Fig. 3.5. Proposed Mechanism for the Role of Decreased Cdk5 O-GlcNAcylation in AD Pathogenesis.

Decreased O-GlcNAc on Cdk5 S46 may lead to an increased association of Cdk5 with activator proteins p25/35 and/or p29/39, resulting in higher activity. This, in turn, results in the increased phosphorylation of pathogenic proteins such as tau and APP which eventually leads to the

formation of NFTs and Aβ plaques, respectively. Increases in phoshpo-tau and APP may have even more drastic effects in the context of decreased O-GlcNAcylation seen in AD, as O-GlcNAcylation is known to both oppose phosphorylation and stabilize proteins against aggregation. Adapted with permission from Yuzwa et al. 2014.⁵⁷

Cdk5

Cdk5

3.8.2. Neuron and Cell Culture.

Primary mouse cortical neurons were harvested as previously described,³⁶ plated on poly- d-lysine coated plates, and cultured in Neurobasal medium with 1% penicillin-streptomycin (P/S), 2mM GlutaMAX Supplement, and GS-21 (MTI-GlobalStem, Gaithersburg, MD). Every 2-4 days, half of the media was changed for fresh culture media as outlined above. Neurons were allowed to grow for 7 days before transduction with lentivirus. Otherwise, they were cultured for the lengths indicated in the text. For KCl stimulation experiments, neuronal activity was first silenced by 24 hours treatment with 10 μM tetrodotoxin (Tocris Biosciences, Bristol UK) and 100 μM D-AP5 (Tocris Biosciences). Neurons were then treated with KCl (60 mM) or vehicle for 2 hours and subsequently lysed with either RIPA buffer (for IP experiments) or 2% SDS in HEPES pH 7.9 (for chemoenzymatic labeling experiments), containing Roche cOmplete protease inhibitor cocktail, 0.1 mM TMG, and 0.25 U/μL benzonase nuclease (Santa Cruz Biotechnology, Dallas, TX). In all cases, the protein concentration was measured using BCA assay (ThermoFisher).

N2A and HEK 293T cells were maintained in Dulbecco's Modified Eagle Medium with 100 U/mL P/S, and 10% FBS. Cells were split 1:8 every 2-3 days as necessary. N2A cell lysis was performed as described above for neurons.

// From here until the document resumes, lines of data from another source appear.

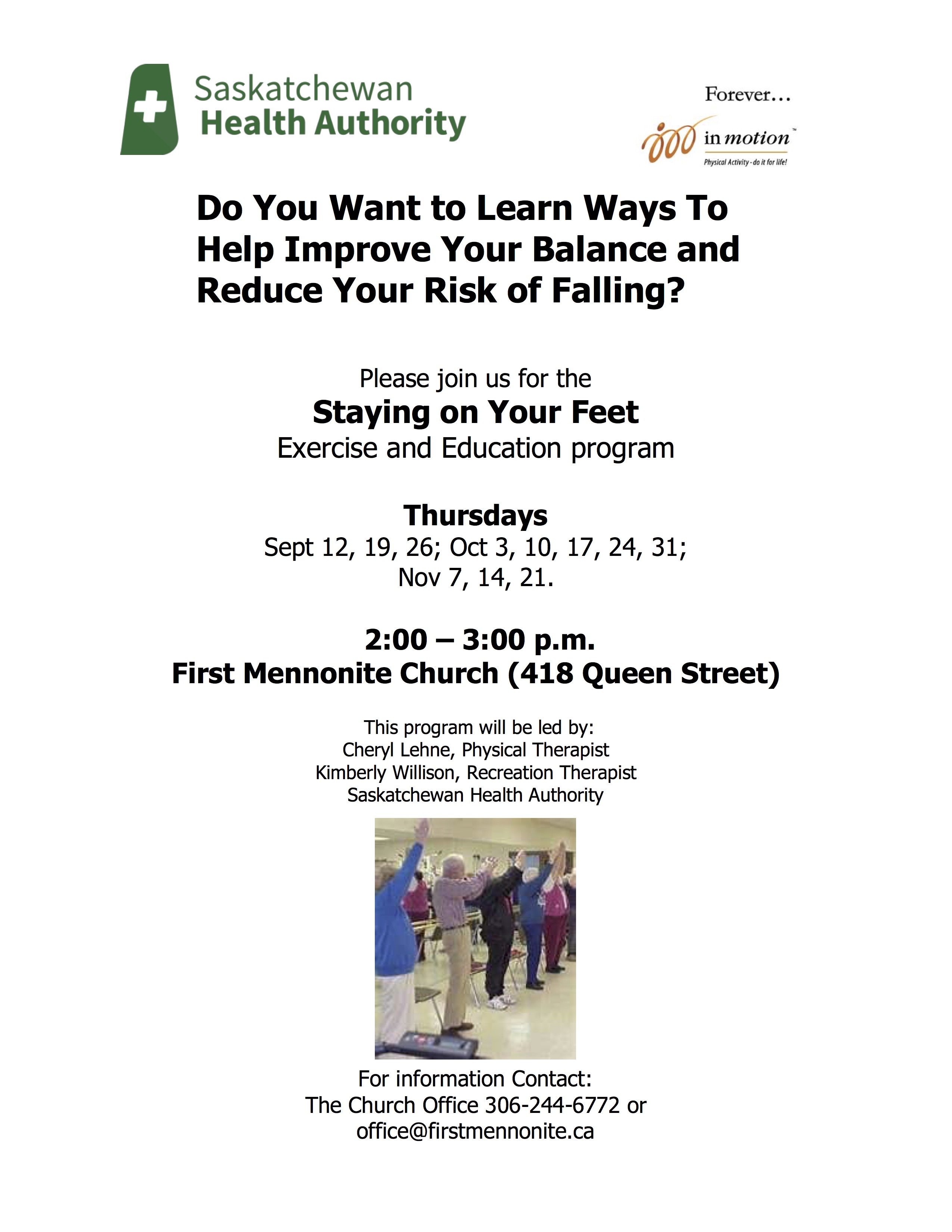 Check out another great fitness program organized through Saskatchewan Health Authority and First Mennonite Church (418 Queen St) right here in the community!
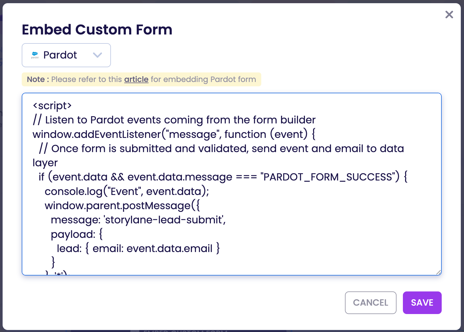 Choose "Pardot" from the dropdown and copy-paste the code from Pardot.
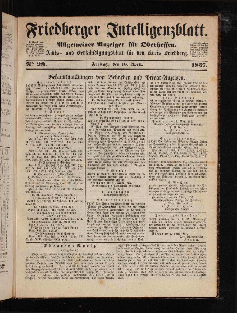 Friedberger Intelligenzblatt. 1854-1866
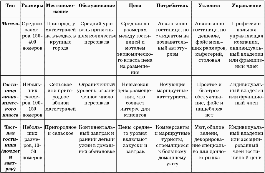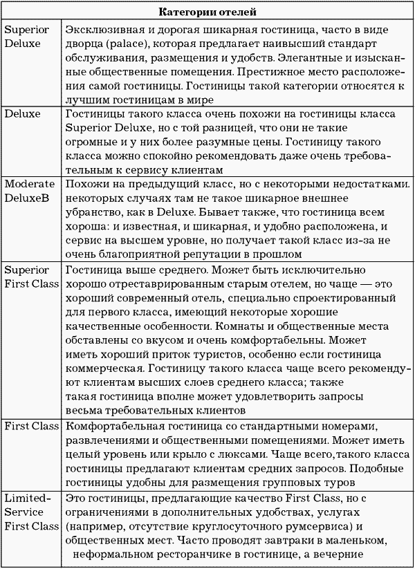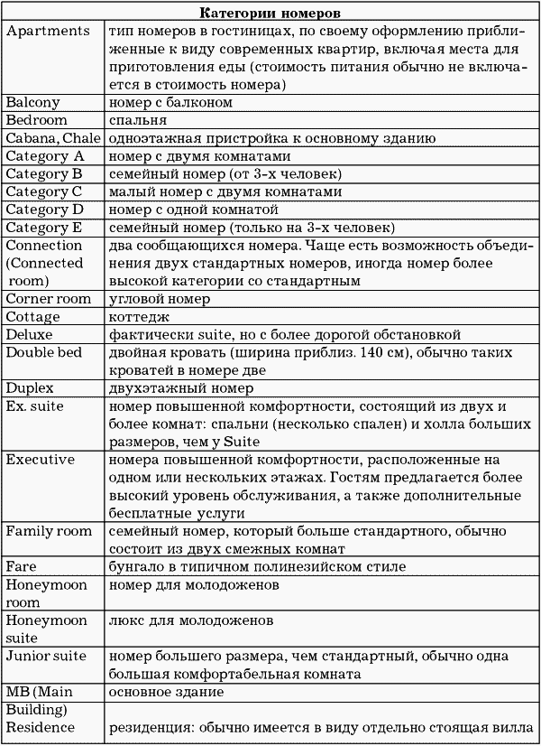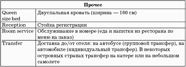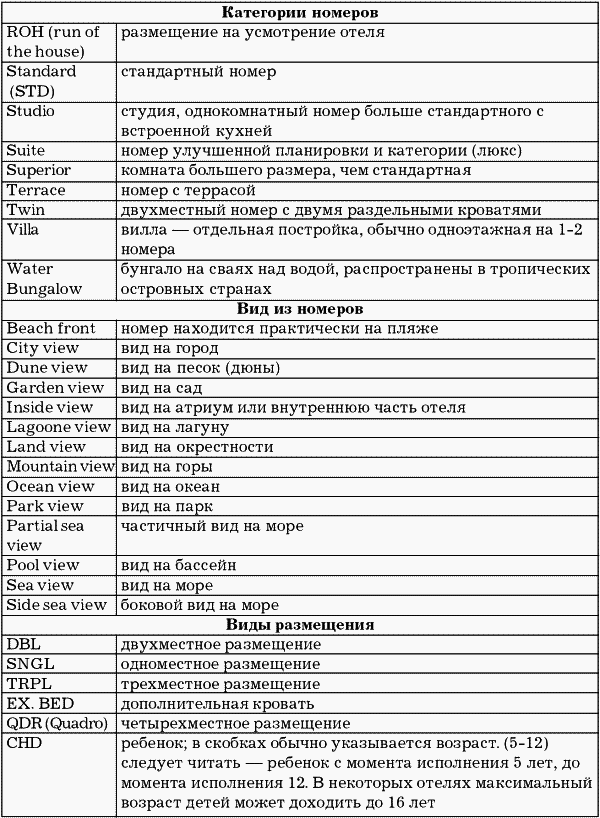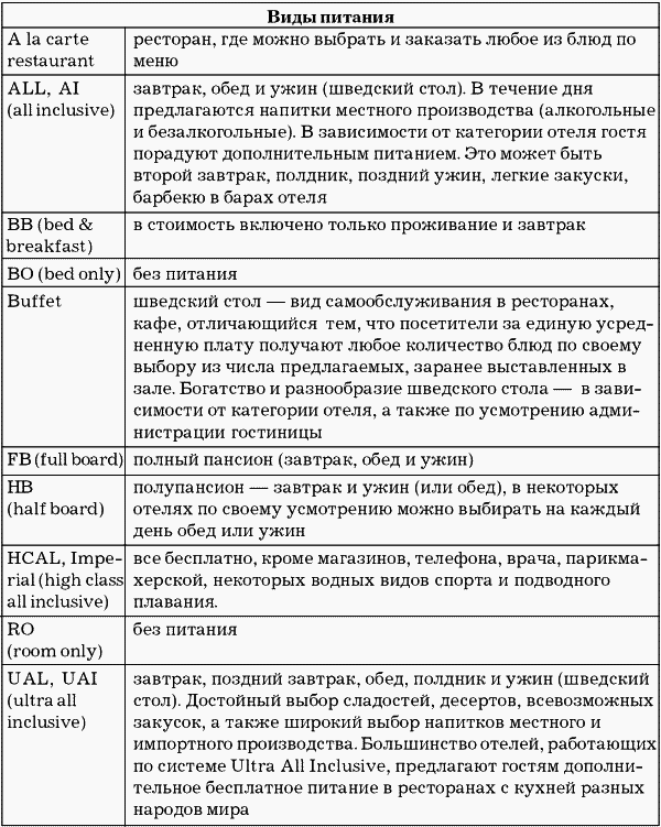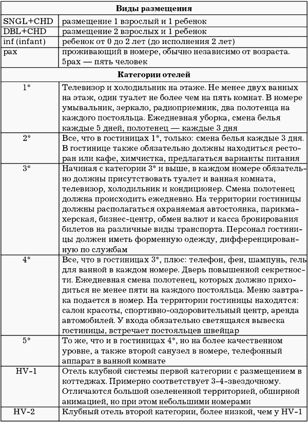 Таблица 4 Обозначения услуг размещения и питания, принятые в международной практике
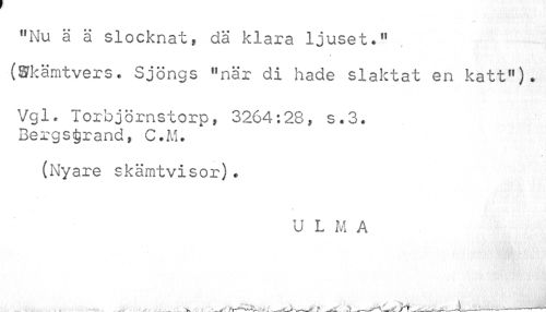 //// "Nu ä ä slocknatf dä klara ljuset." (ffkämtvers. Sjöngs "när di hade slaktat en katt"). //// Vgl. Torbjörnstorp, 3264:28, s«3. Bergstrand, C.M. //// (Nyare skämtvisor)? //// U L M A //// . X-____ * . ' . 1.___^ ////
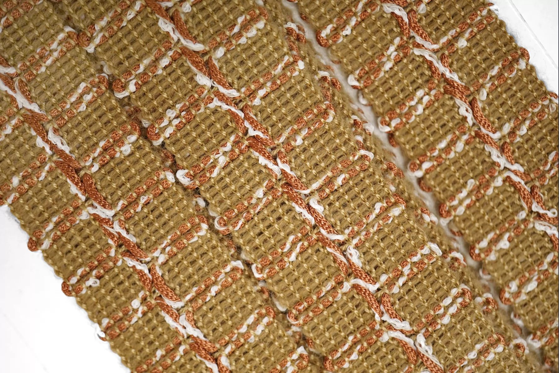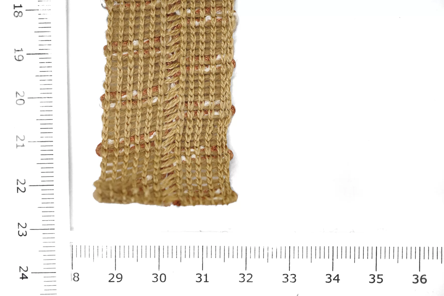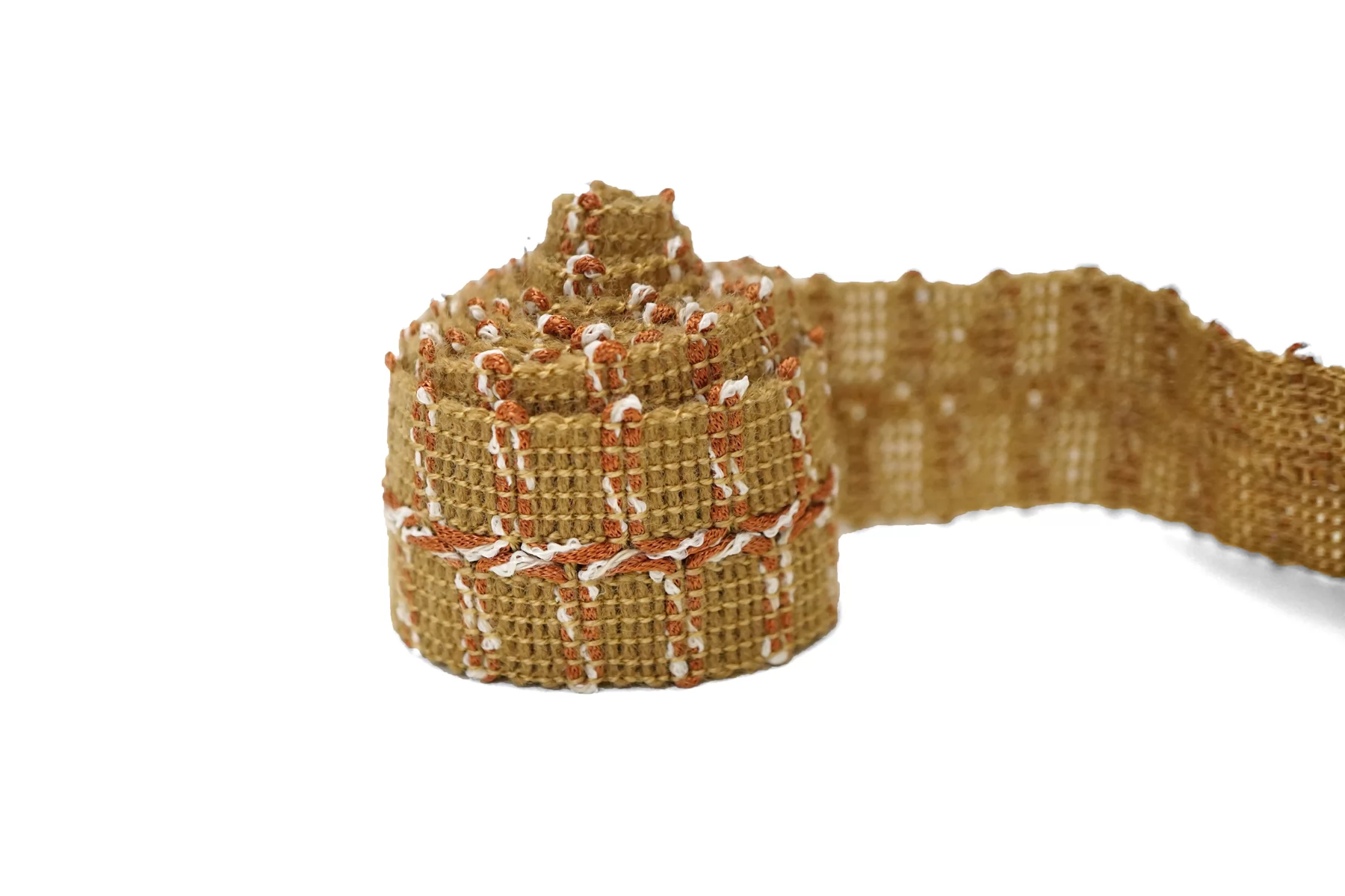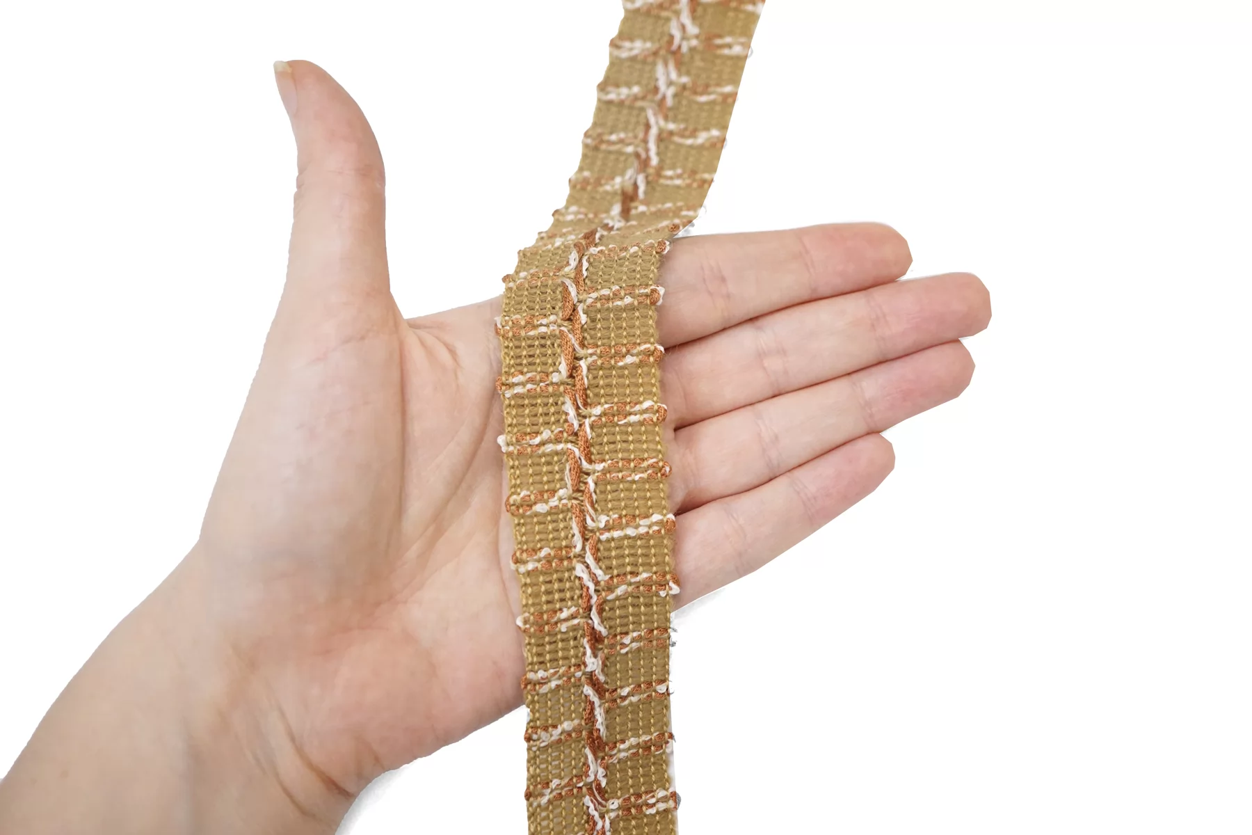 Итальянская тесьма, нити охристого, белого и коричневого цвета. По центру желобок для сгиба. Не тянется.

3.8.3. Co-Immunoprecipitation.

Neuronal or N2A lysate, prepared as described above, was diluted to 0.5 mg/ml with Tris- buffered saline (TBS) buffer,⁷⁵ 0.1 mM TMG, and Roche cOmplete protease inhibitor cocktail. 30 μg of protein was saved as input. The remaining lysate was incubated with anti-FLAG magnetic beads (Sigma-Aldrich) or pre-incubated (1 hour) Cdk5 antibody (sc-173, Santa Cruz Biotechnology, 1:10 dilution) and Protein A/G magnetic beads (40 μL, ThermoFisher) at 4 °C

overnight or for 1 hour at room temperature with end-over-end rotation. The following day, beads were washed 3 times with 0.1% Triton-X-100 in TBS and eluted by boiling in 2% SDS in Tris, pH 8. For samples undergoing subsequent WGA affinity chromatography, elution was performed with 150 μg/mL 3xFLAG Peptide (Sigma-Aldrich) in TBS. Inputs and eluents were run on SDS-PAGE and subjected to WB as described below.

3.8.4. Wheat Germ Agglutinin Affinity Chromatography.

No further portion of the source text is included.